■ ASSIGNMENT:
Working line by line, output the entries below exactly as they appear.

EXCERPTED DATA: Begin

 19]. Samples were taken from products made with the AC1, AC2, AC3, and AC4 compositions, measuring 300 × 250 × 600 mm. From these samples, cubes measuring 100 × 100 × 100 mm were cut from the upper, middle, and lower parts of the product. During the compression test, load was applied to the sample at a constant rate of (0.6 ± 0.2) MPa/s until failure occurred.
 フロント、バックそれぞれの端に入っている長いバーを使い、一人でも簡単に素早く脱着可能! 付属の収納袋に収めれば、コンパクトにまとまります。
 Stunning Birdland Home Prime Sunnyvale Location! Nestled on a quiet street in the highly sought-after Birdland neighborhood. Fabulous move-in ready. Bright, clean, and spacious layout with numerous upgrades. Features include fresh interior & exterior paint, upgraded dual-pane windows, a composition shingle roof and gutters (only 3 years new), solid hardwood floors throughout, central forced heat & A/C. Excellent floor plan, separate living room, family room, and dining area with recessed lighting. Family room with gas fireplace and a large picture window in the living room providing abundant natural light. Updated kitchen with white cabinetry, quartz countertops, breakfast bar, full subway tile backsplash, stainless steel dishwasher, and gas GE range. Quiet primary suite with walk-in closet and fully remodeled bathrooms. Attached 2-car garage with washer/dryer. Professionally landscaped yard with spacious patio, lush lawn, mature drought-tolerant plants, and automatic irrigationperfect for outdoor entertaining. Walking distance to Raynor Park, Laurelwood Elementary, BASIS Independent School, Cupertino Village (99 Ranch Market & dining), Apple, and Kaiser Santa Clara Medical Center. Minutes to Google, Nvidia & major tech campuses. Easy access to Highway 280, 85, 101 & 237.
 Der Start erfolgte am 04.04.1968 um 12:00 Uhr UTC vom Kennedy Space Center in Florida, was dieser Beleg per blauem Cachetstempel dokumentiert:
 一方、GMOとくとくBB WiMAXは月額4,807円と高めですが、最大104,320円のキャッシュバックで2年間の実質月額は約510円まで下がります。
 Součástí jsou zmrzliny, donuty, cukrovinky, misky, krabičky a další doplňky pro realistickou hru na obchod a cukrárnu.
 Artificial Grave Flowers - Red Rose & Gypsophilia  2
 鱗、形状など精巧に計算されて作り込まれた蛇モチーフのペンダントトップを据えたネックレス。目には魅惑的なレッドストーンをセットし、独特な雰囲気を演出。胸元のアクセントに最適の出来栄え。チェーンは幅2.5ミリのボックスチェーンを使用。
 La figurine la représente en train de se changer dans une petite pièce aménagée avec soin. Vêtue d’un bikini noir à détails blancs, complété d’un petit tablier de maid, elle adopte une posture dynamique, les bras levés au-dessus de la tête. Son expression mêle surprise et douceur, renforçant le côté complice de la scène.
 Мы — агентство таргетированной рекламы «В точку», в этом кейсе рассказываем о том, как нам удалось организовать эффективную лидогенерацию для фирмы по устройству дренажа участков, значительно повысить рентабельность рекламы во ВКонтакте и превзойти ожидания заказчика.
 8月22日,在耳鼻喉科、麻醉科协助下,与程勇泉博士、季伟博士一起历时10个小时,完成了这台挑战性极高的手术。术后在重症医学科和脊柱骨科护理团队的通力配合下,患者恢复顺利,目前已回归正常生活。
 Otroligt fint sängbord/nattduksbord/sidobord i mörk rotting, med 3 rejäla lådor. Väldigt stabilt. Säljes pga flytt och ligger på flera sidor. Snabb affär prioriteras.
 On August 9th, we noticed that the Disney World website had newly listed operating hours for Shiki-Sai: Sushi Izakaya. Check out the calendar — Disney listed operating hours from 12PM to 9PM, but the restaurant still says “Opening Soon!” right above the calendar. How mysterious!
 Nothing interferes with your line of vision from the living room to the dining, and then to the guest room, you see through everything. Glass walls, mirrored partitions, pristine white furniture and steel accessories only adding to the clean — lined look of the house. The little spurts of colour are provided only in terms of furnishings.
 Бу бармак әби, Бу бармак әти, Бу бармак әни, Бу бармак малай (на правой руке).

EXCERPTED DATA: End

■ ANSWER TO THIS EXERCISE:
 19]. Samples were taken from products made with the AC1, AC2, AC3, and AC4 compositions, measuring 300 × 250 × 600 mm. From these samples, cubes measuring 100 × 100 × 100 mm were cut from the upper, middle, and lower parts of the product. During the compression test, load was applied to the sample at a constant rate of (0.6 ± 0.2) MPa/s until failure occurred.
 フロント、バックそれぞれの端に入っている長いバーを使い、一人でも簡単に素早く脱着可能! 付属の収納袋に収めれば、コンパクトにまとまります。
 Stunning Birdland Home Prime Sunnyvale Location! Nestled on a quiet street in the highly sought-after Birdland neighborhood. Fabulous move-in ready. Bright, clean, and spacious layout with numerous upgrades. Features include fresh interior & exterior paint, upgraded dual-pane windows, a composition shingle roof and gutters (only 3 years new), solid hardwood floors throughout, central forced heat & A/C. Excellent floor plan, separate living room, family room, and dining area with recessed lighting. Family room with gas fireplace and a large picture window in the living room providing abundant natural light. Updated kitchen with white cabinetry, quartz countertops, breakfast bar, full subway tile backsplash, stainless steel dishwasher, and gas GE range. Quiet primary suite with walk-in closet and fully remodeled bathrooms. Attached 2-car garage with washer/dryer. Professionally landscaped yard with spacious patio, lush lawn, mature drought-tolerant plants, and automatic irrigationperfect for outdoor entertaining. Walking distance to Raynor Park, Laurelwood Elementary, BASIS Independent School, Cupertino Village (99 Ranch Market & dining), Apple, and Kaiser Santa Clara Medical Center. Minutes to Google, Nvidia & major tech campuses. Easy access to Highway 280, 85, 101 & 237.
 Der Start erfolgte am 04.04.1968 um 12:00 Uhr UTC vom Kennedy Space Center in Florida, was dieser Beleg per blauem Cachetstempel dokumentiert:
 一方、GMOとくとくBB WiMAXは月額4,807円と高めですが、最大104,320円のキャッシュバックで2年間の実質月額は約510円まで下がります。
 Součástí jsou zmrzliny, donuty, cukrovinky, misky, krabičky a další doplňky pro realistickou hru na obchod a cukrárnu.
 Artificial Grave Flowers - Red Rose & Gypsophilia  2
 鱗、形状など精巧に計算されて作り込まれた蛇モチーフのペンダントトップを据えたネックレス。目には魅惑的なレッドストーンをセットし、独特な雰囲気を演出。胸元のアクセントに最適の出来栄え。チェーンは幅2.5ミリのボックスチェーンを使用。
 La figurine la représente en train de se changer dans une petite pièce aménagée avec soin. Vêtue d’un bikini noir à détails blancs, complété d’un petit tablier de maid, elle adopte une posture dynamique, les bras levés au-dessus de la tête. Son expression mêle surprise et douceur, renforçant le côté complice de la scène.
 Мы — агентство таргетированной рекламы «В точку», в этом кейсе рассказываем о том, как нам удалось организовать эффективную лидогенерацию для фирмы по устройству дренажа участков, значительно повысить рентабельность рекламы во ВКонтакте и превзойти ожидания заказчика.
 8月22日,在耳鼻喉科、麻醉科协助下,与程勇泉博士、季伟博士一起历时10个小时,完成了这台挑战性极高的手术。术后在重症医学科和脊柱骨科护理团队的通力配合下,患者恢复顺利,目前已回归正常生活。
 Otroligt fint sängbord/nattduksbord/sidobord i mörk rotting, med 3 rejäla lådor. Väldigt stabilt. Säljes pga flytt och ligger på flera sidor. Snabb affär prioriteras.
 On August 9th, we noticed that the Disney World website had newly listed operating hours for Shiki-Sai: Sushi Izakaya. Check out the calendar — Disney listed operating hours from 12PM to 9PM, but the restaurant still says “Opening Soon!” right above the calendar. How mysterious!
 Nothing interferes with your line of vision from the living room to the dining, and then to the guest room, you see through everything. Glass walls, mirrored partitions, pristine white furniture and steel accessories only adding to the clean — lined look of the house. The little spurts of colour are provided only in terms of furnishings.
 Бу бармак әби, Бу бармак әти, Бу бармак әни, Бу бармак малай (на правой руке).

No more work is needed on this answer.